Palpation reveals a pronounced uneven enlargement of the thyroid gland (tuberosity), its inactivity during swallowing, compactness, painlessness, and a dense “woody” structure. Changes in the affected gland are usually diffuse in nature and are associated with a decrease in its functionality and the development of hypothyroidism.
Pressure on adjacent tissues is expressed by compression syndrome, which is manifested by blurred vision, headaches, difficulty swallowing, tinnitus, breathing problems and pulsation of the cervical vessels.
There are also specific thyroiditis, which include inflammatory processes and structural changes in the thyroid tissue of the thyroid gland with its mycotic, tuberculous and syphilitic lesions. Basically, specific thyroiditis is chronic, but if involved, the process of secondary infection can become acute.
Diagnostic methods
Diagnosis of any pathological condition of the thyroid gland includes:
- Complete blood count - shows the level of leukocytes, which increases with thyroid disease. A deviation of the erythrocyte sedimentation rate (ESR) from the norm may indicate a viral origin of the disease, oncology, or the presence of a purulent focus in the thyroid gland.
- Biochemical blood test - used to detect antibodies to healthy thyroid cells. Helps assess the hormonal background of the body, determine the level of hormones T3 and T4.
- Doppler ultrasound is used to assess the state of blood flow in small vessels in order to identify tumors.

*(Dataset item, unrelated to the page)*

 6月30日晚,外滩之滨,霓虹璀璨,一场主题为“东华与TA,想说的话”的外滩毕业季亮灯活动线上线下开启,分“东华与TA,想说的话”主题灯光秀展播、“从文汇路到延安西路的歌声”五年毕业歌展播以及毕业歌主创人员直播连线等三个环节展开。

- Scintigraphy is prescribed to check the functional state and evaluate the structure of the thyroid gland.
- Puncture biopsy - used for nodular goiter to identify the origin of neoplasms.
Classification of the disease
Types of thyroiditis according to the International Classification of Diseases (ICD10):
- acute (purulent and non-purulent) – is infectious in nature. Thyroiditis occurs with partial damage to the thyroid lobe (focal) or spreads to the entire lobe or organ (diffuse);
- subacute (De Quervain's thyroiditis) - manifests itself in three forms: granulomatous, lymphocytic, pneumocystis; According to the prevalence, the disease is focal and diffuse;
- chronic autoimmune (Hashimoto's disease);
- Riedel's chronic thyroiditis (fibro-invasive).

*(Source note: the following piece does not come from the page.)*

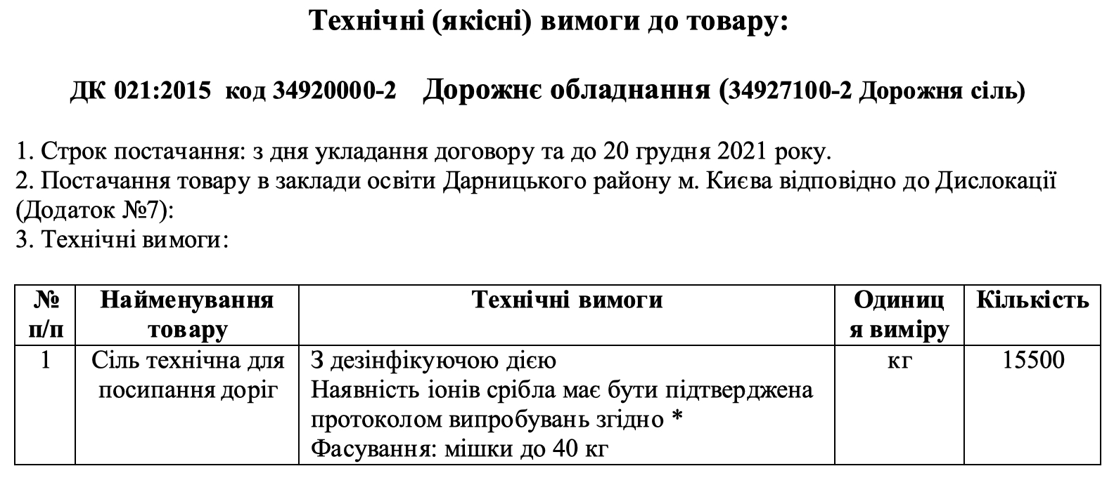 Дарницька РДА наполягала, що планує купити сіль саме з іонами срібла, та в результаті торги було скасовано.

There are also gestational thyroiditis in women, which occurs during pregnancy or the postpartum period, and pathology caused by taking medications. The disease in these cases does not require treatment and goes away on its own.
Prevention
In order to prevent acute thyroiditis, prevention will consist of following the following rules:
- Generalization of the island inflammatory process, as well as its transition to chronic thyroiditis of the thyroid gland, should be avoided. Therefore, at the first pathological signs, even from other systems, you should contact a specialist and begin treatment.
- Eliminate foci of chronic infection in a timely manner and prevent the development of exacerbations.
- Take measures aimed at strengthening the immune system.
- Avoid traumatic effects on the neck and thyroid gland, which can occur completely by accident.
- Insolation should be carried out during periods of least solar activity, and visits to the solarium should be limited.
- Women of reproductive age should regularly visit a gynecologist to prevent the development of dishormonal pathologies.
For chronic and autoimmune thyroiditis, preventive measures are aimed at preventing possible causes. As a rule, there are no specific measures in this case. These include:
- People with an existing hereditary predisposition should regularly visit an endocrinologist and undergo laboratory and instrumental diagnostics.
- If initial changes are identified, it is necessary to begin drug treatment as early as possible; this will help to significantly compensate for the condition.
- Prevent exposure to radiation, hypothermia, and traumatic effects.